● About this task
Without the images, reproduce every entry exactly.

● Source information

════════

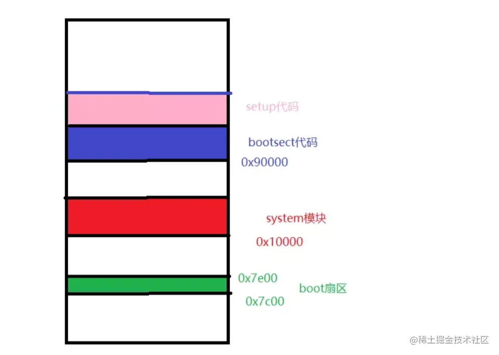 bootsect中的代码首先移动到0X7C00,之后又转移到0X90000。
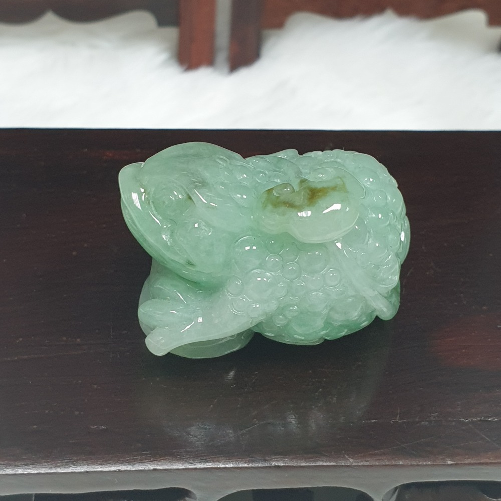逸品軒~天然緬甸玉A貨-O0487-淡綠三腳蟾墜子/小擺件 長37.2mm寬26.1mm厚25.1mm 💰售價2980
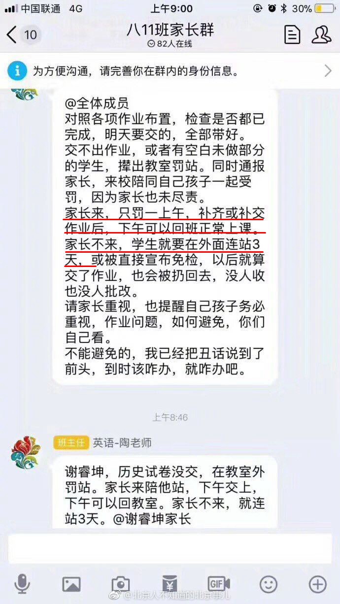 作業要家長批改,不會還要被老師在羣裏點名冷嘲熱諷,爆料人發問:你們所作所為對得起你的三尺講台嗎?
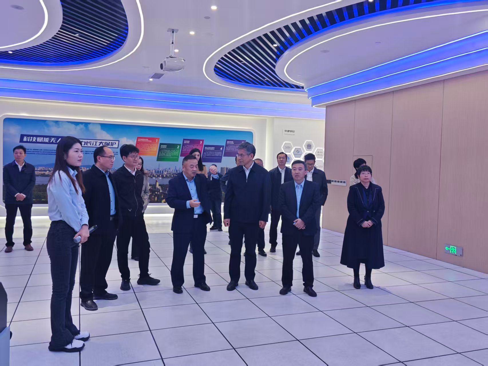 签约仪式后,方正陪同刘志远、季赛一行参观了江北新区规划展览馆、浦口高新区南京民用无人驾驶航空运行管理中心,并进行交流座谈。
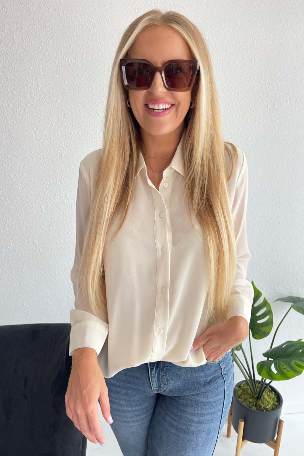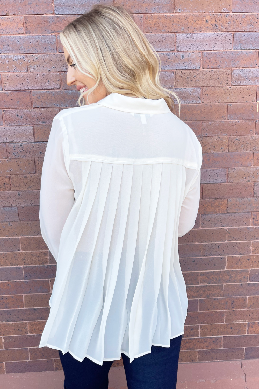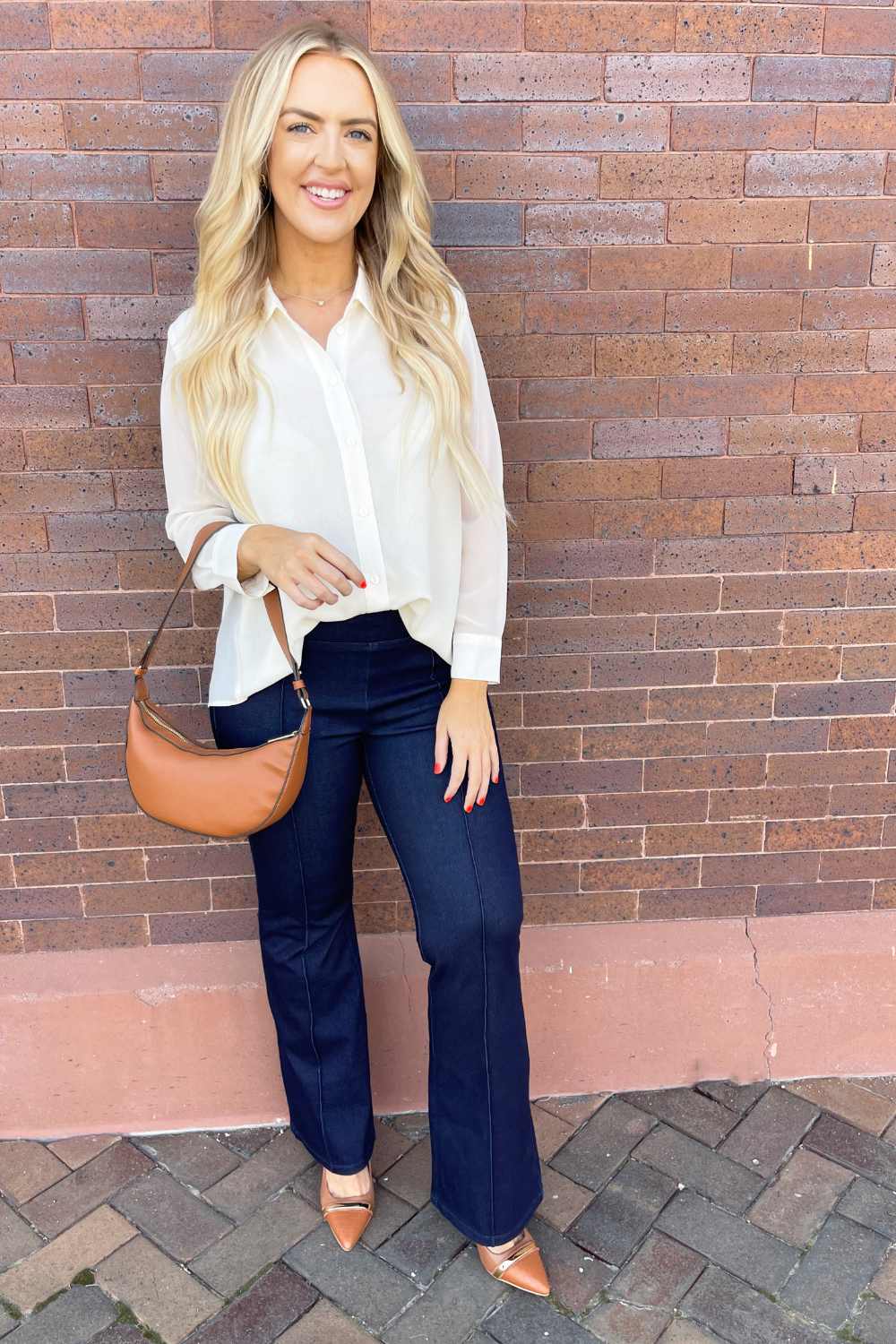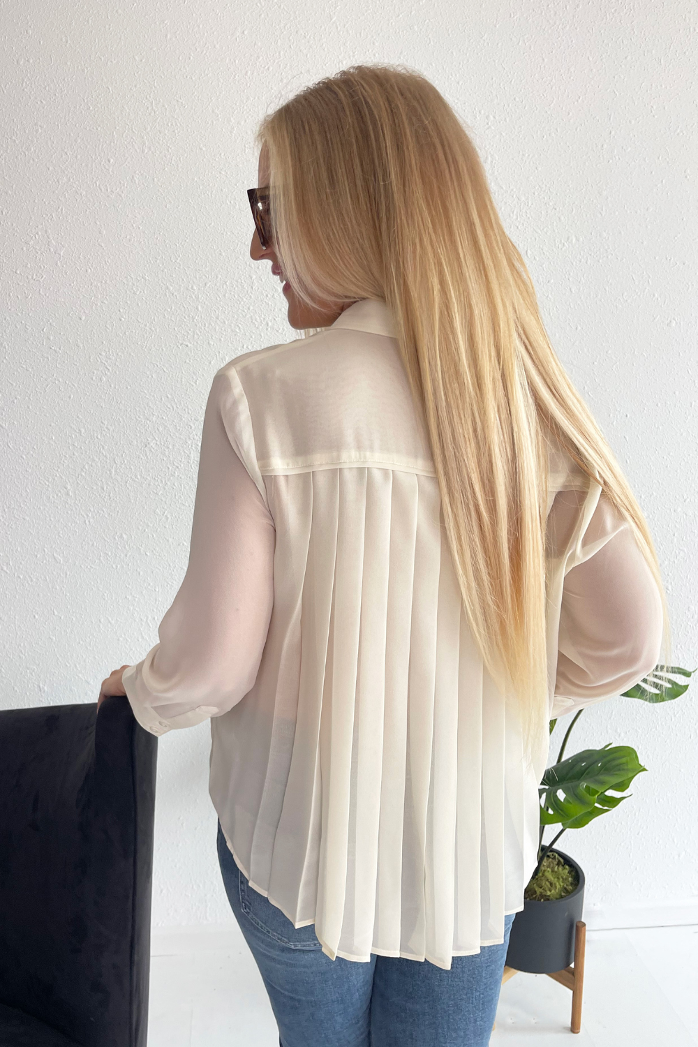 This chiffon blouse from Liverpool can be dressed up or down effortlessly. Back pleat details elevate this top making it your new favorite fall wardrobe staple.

════════

● Solution to the problem
 bootsect中的代码首先移动到0X7C00,之后又转移到0X90000。
逸品軒~天然緬甸玉A貨-O0487-淡綠三腳蟾墜子/小擺件 長37.2mm寬26.1mm厚25.1mm 💰售價2980
 作業要家長批改,不會還要被老師在羣裏點名冷嘲熱諷,爆料人發問:你們所作所為對得起你的三尺講台嗎?
 签约仪式后,方正陪同刘志远、季赛一行参观了江北新区规划展览馆、浦口高新区南京民用无人驾驶航空运行管理中心,并进行交流座谈。
 This chiffon blouse from Liverpool can be dressed up or down effortlessly. Back pleat details elevate this top making it your new favorite fall wardrobe staple.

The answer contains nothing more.